How do you know if you can do this? Just ask whether you need all the data. Most of the time you don’t. Think about how true this is throughout computing as a whole. Caching is everywhere in computing, and it works precisely because you don’t need all the data, or at least you don’t need all of it all the time. Most data has some spatial or temporal hot spots, and often there’s a pretty large chunk of it that’s never accessed at all. If you don’t need all the data all the time, you might be able to move some of it away to bigger, cheaper, slower storage. That’s archiving.
If you can scale back rather than up or out, you may be able to keep your OLTP servers lean and fast without changing anything. This can easily buy you an order of magnitude. It’s generally not easy to do that; if you want to get an order of magnitude with other strategies, you may need ten times as many servers so each has an order of magnitude less data. Scaling up tends to be even more expensive; the price-to-performance ratio climbs very sharply as you get into big-iron machines. You also need to consider the cost of rack space, cooling, power, maintenance and so forth.

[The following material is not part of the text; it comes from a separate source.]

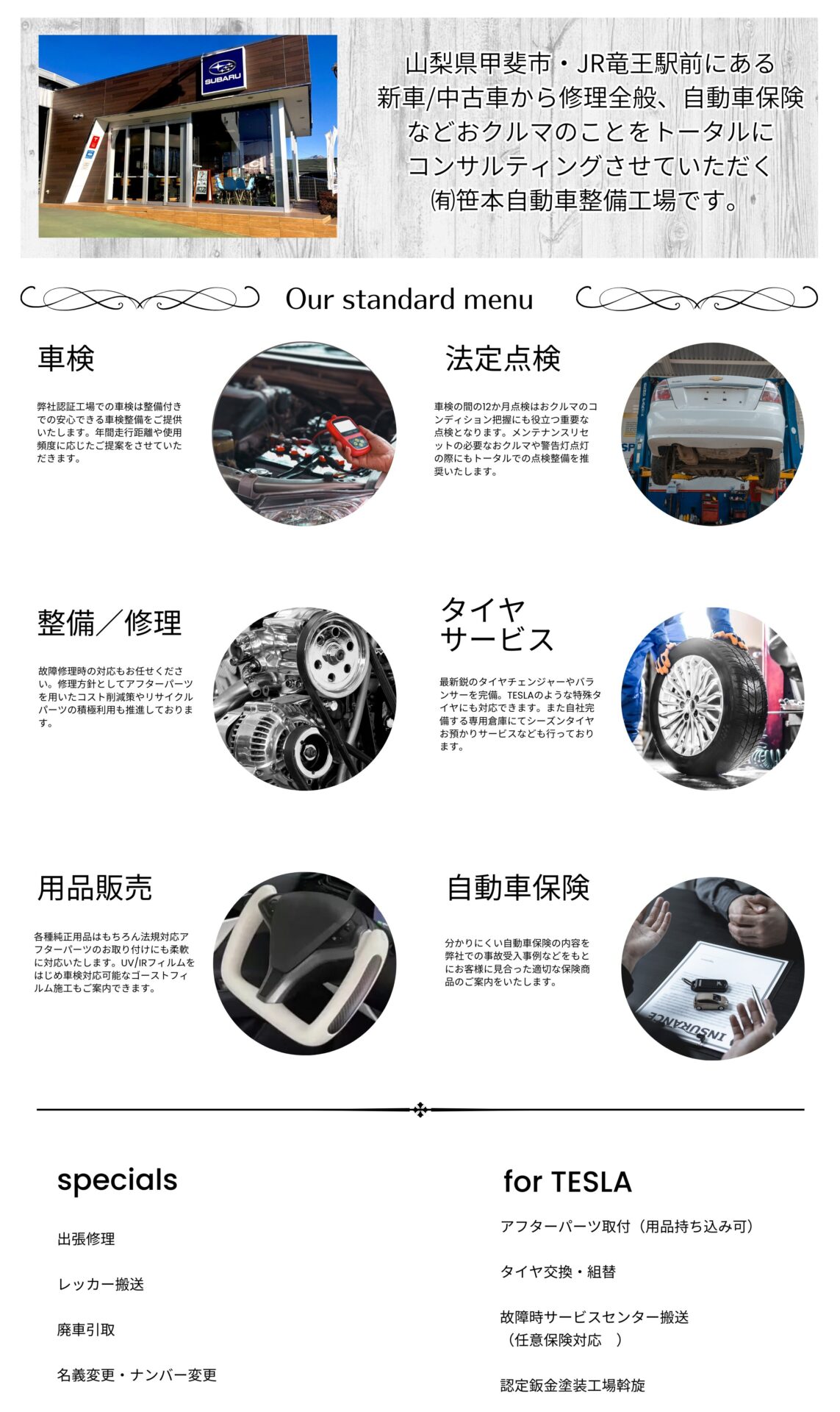 新車 中古車販売 国産車全般を取り扱います。特にSUBARUは販売代理店でもありメンテナンス/サービスにおいても自信がございます。 中古車販売は全国オークションからお客様のご希望に沿ったものをお探しできます。対面にてオークション出品をお選びいただけますのでこだわりのご希望にもお応えできます。 法定点検 車検 一般整備 法定点検、車検のご用命もお任せください。整備付きの車検ではお見積を前提に納得いただいたうえでの着手となります。全てにおいて整備スケジュールをご提案し、高額修理となりうるリスクを分散提案いたします。 最新ASV車両整備 自動ブレーキやトラフィックアウェアコントロールシステムをはじめとする先進機能搭載車両のトラブルにも対応ができます。各種メーカーの純正スキャンツールも取り揃えておりますので保証修理との兼ね合いもご相談いただけます。 EV(電気自動車)コンサルタント 自社でも黎明期よりEV車両を導入し、幅広く法人様や個人のお客様にもソリューションをご提供してきた実績がございます。またコンサルタントとしてディーラーへの出張講義やイベント出展での実績も多数あります。 XEAM山梨 甲斐(EVバイク販売代理店) 電動バイク販売部門「XEAM山梨甲斐店」を併設しております。原付相当クラスから大型車クラスまでラインナップがあり今までと違った世界をご体験できます。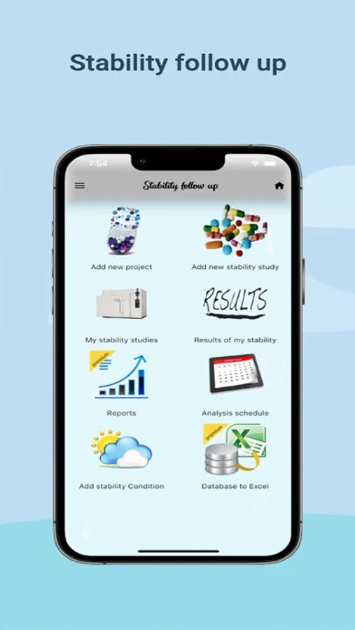Simple and powerful tool to follow up your stability studies, intervals, analysis, results and make reports of your studies through the below :-

When people are a roadblock
I think it’s important to resist building a system that will always provide all the data that ever existed, just in case you need it. If you’re worried you might need the data someday, keep it on DVD, but you don’t need to keep it on your OLTP servers. And don’t compare yourself to Amazon or Google. You probably have limited resources, and though it may be good bragging rights, trying to engineer something massive is likely bad for your business. Sometimes people want to build unreasonable systems because they have something to prove, or they have second-system syndrome. Know your limits as an individual, and if you’re a manager, take a moment to assess whether your engineers are advocating for more than is good for the company.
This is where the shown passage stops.